U.S. Weather Service To Stop Using ALL CAPS

April 12, 2016

caps lock generic key 324213After delivering their weather and hurricane forecasts in ALL CAPS for over 150 years, the U.S. Weather Service will move to both upper and lowercase letters, with the change following an upgrade to their computer systems.

The U.S. Weather Service also delivers hurricane forecasts, and many Bermudians are familiar with their website, and frequently check it when the island is facing a hurricane.

This is according to the Associated Press, which noted that using all caps is considering ‘shouting’ online, and reported, “Weather service spokeswoman Susan Buchanan said the agency started using all capital letters in 1849 forecasts because of the telegraph. Twenty years ago, the agency tried phasing out the practice, but old equipment wouldn’t recognize lower-case letters.

“Except, Buchanan said, IN EXTREMELY DANGEROUS SITUATIONS, WHEN CAPITALIZATION WILL REIGN.”

The National Oceanic and Atmospheric Administration [NOAA] website said, “Recent software upgrades to the computer system that forecasters use to produce weather predictions, called AWIPS 2offsite link [The Advanced Weather Interactive Processing System], are allowing for the change to mixed-case letters.

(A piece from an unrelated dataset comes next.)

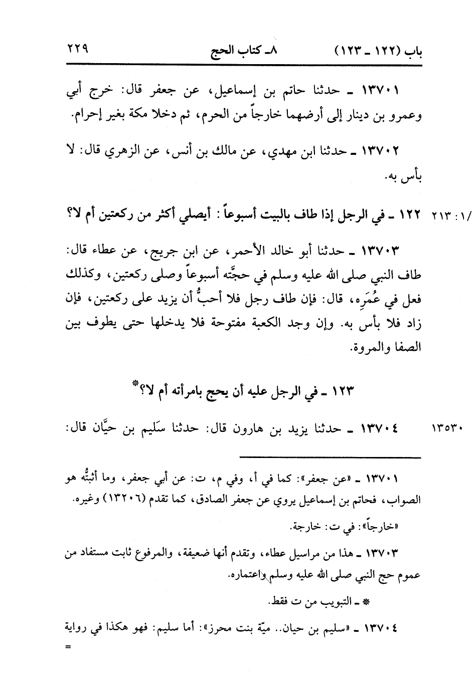 13703- حدَّثَنَا أَبُو خَالِدٍ الأَحْمَرِِ ، عَنِ ابْنِ جُرَيْجٍ ، عَنْ عَطَاءٍ ، قَالَ : طَافَ النَّبِيُّ صَلَّى الله عَلَيْهِ وَسَلَّمَ فِي حَجَّتِهِ أُسْبُوعًا وَصَلَّى رَكْعَتَيْنِ ، وَكَذَلِكَ فَعَلَ فِي عُمَرِهِ ، قَالَ : فَإِنْ طَافَ رَجُلٌ فَلاَ أُحِبَّ أَنْ يَزِيدَ عَلَى رَكْعَتَيْنِ ، فَإِنْ زَادَ فَلاَ بَأْسَ بِهِ ، وَإِنْ وَجَدَ الْكَعْبَةَ مَفْتُوحَةً فَلاَ يَدْخُلُهَا حَتَّى يَطُوفَ بَيْنَ الصَّفَا وَالْمَرْوَةِ. (4/213:1).

“The switch will happen on May 11, after the required 30-day notification period to give customers adequate time to prepare for the change.”

“Three forecast products will transition to mixed-case use on May 11, including area forecast discussions, public information statements and regional weather summaries. Severe weather warnings will transition this summer, with other forecasts and warnings transitioning to the new system through early next year.”

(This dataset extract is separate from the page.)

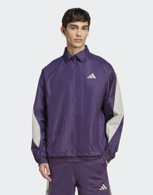 adidas Performance – Stadium – Plommonlila och metallgrå träningsjacka

“Upper case letters in forecasts will not become obsolete – forecasters will have the option to use all capital letters in weather warnings to emphasize threats during extremely dangerous situations.

“Certain forecast products with international implications, such as aviation and shipping, will continue to use upper case letters, per international agreements that standardize weather product formats across national borders.”

“People are accustomed to reading forecasts in upper case letters and seeing mixed-case use might seem strange at first,” said NWS meteorologist Art Thomas.

“It seemed strange to me until I got used to it over the course of testing the new system, but now it seems so normal.”